Required action => Can you print the data exactly and leave out each image?

Supplied material =>
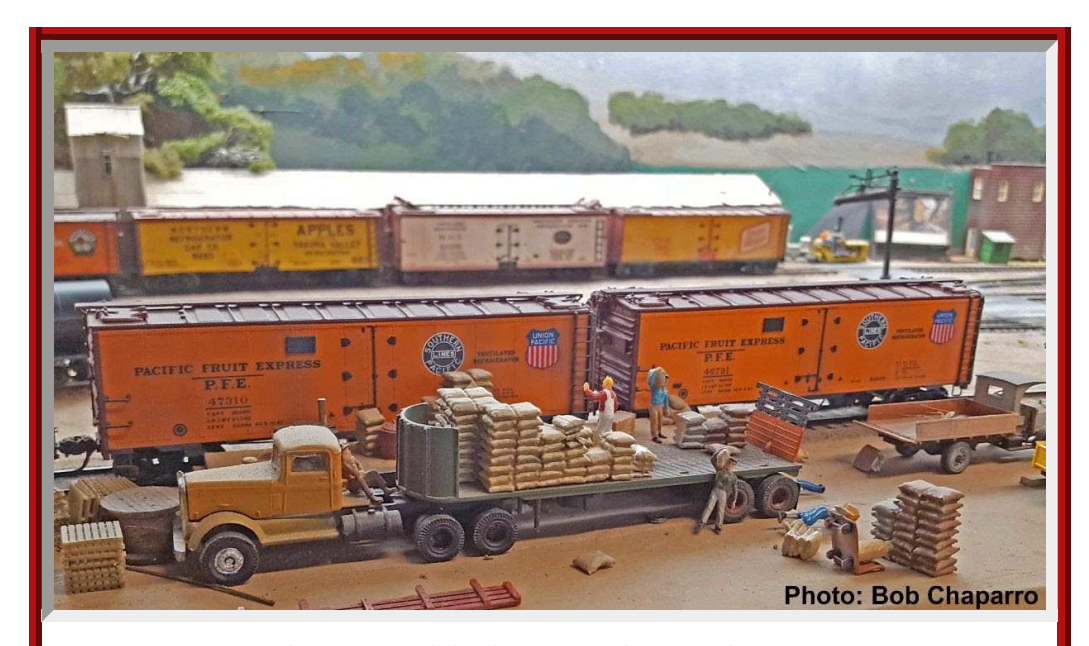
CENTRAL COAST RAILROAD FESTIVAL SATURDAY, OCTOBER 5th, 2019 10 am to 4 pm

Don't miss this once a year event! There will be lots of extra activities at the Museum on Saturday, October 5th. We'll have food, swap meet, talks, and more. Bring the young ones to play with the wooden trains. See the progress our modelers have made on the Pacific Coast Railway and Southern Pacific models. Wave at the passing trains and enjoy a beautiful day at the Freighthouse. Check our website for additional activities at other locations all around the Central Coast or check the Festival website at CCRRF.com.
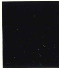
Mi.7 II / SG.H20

Completed task =>
CENTRAL COAST RAILROAD FESTIVAL SATURDAY, OCTOBER 5th, 2019 10 am to 4 pm

Don't miss this once a year event! There will be lots of extra activities at the Museum on Saturday, October 5th. We'll have food, swap meet, talks, and more. Bring the young ones to play with the wooden trains. See the progress our modelers have made on the Pacific Coast Railway and Southern Pacific models. Wave at the passing trains and enjoy a beautiful day at the Freighthouse. Check our website for additional activities at other locations all around the Central Coast or check the Festival website at CCRRF.com.
Mi.7 II / SG.H20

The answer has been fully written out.